Es könnte ein weggeworfener Zigarettenstummel gewesen sein, vermutete die Leiterin der Außenstelle Lieberose der Stiftung Naturlandschaften Brandenburg, Jenny Eisenschmidt. Auch der Leiter der Oberförsterei Lieberose, Axel Becker, schätzt, dass der Brand durch einen Menschen ausgelöst wurde. «Der genaue Grund wird aber wohl ungeklärt bleiben.» Die Stiftung betreut ein mehrere tausend Hektar großes Teilgebiet des ehemaligen Truppenübungsplatzes, wo zu DDR-Zeiten Sowjetpanzer Schießübungen machten.

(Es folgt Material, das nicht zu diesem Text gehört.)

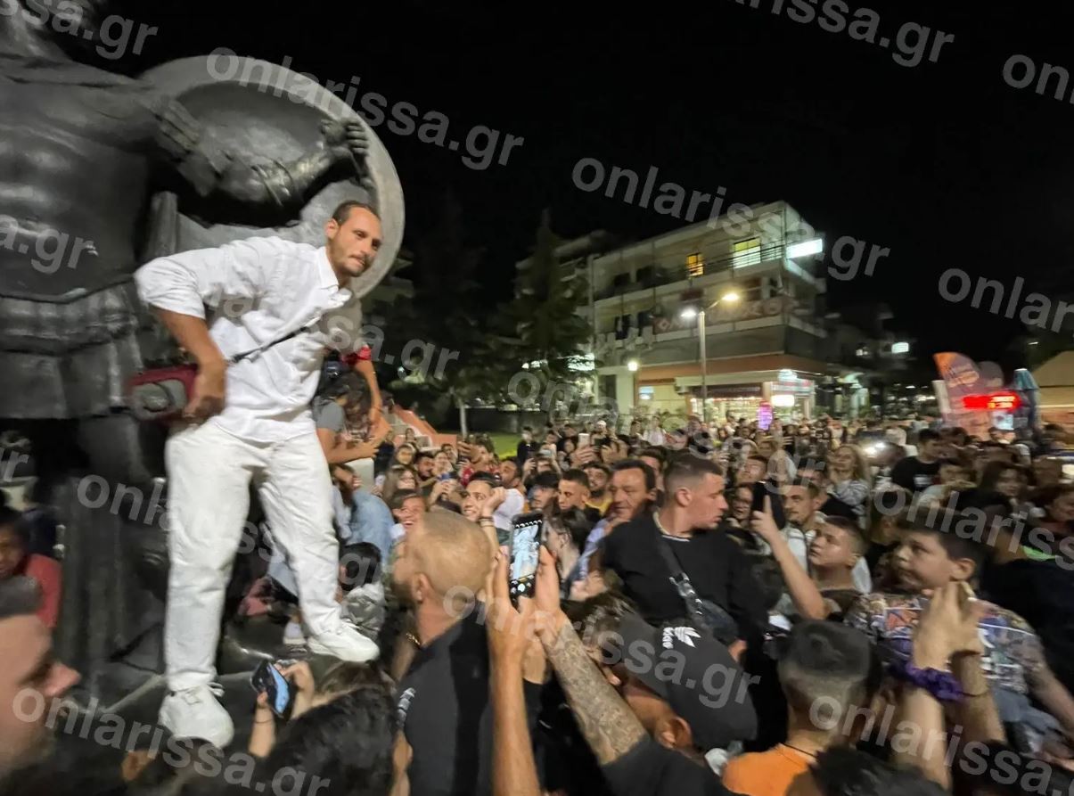 Σύμφωνα με το onlarissa μικροί και μεγάλοι συνωστίσθηκαν στα Φάρσαλα προκειμένου να βγάλουν μία φωτογραφία με τον δημοφιλή 27χρονο αγρότη που προ ημερών αποβλήθηκε από το παιχνίδι, λόγω μίας έντασης με άλλο παίκτη.

Regen hat Feuer in Lieberoser Heide gelöscht

Im Mai 2017 hatten 250 Hektar der Lieberoser Heide gebrannt. Viele Feuerwehrleute waren im Einsatz gewesen. Aus Sicherheitsgründen konnten sie aber nicht zu allen Flammen vordringen - alte Munition befindet sich noch im Boden. Ein heftiges Unwetter mit Gewitter und Starkregen hatte die Flammen schließlich gelöscht. Es handelte sich um den größten Waldbrand im vergangenen Jahr in Brandenburg. Die Lieberoser Heide erstreckt sich über 25.500 Hektar Fläche. Ein Teil davon (3150 Hektar) gehört seit 2003 der Stiftung Naturlandschaften Brandenburg. Andere Gebiete in der Heide gehören zum Landeswald.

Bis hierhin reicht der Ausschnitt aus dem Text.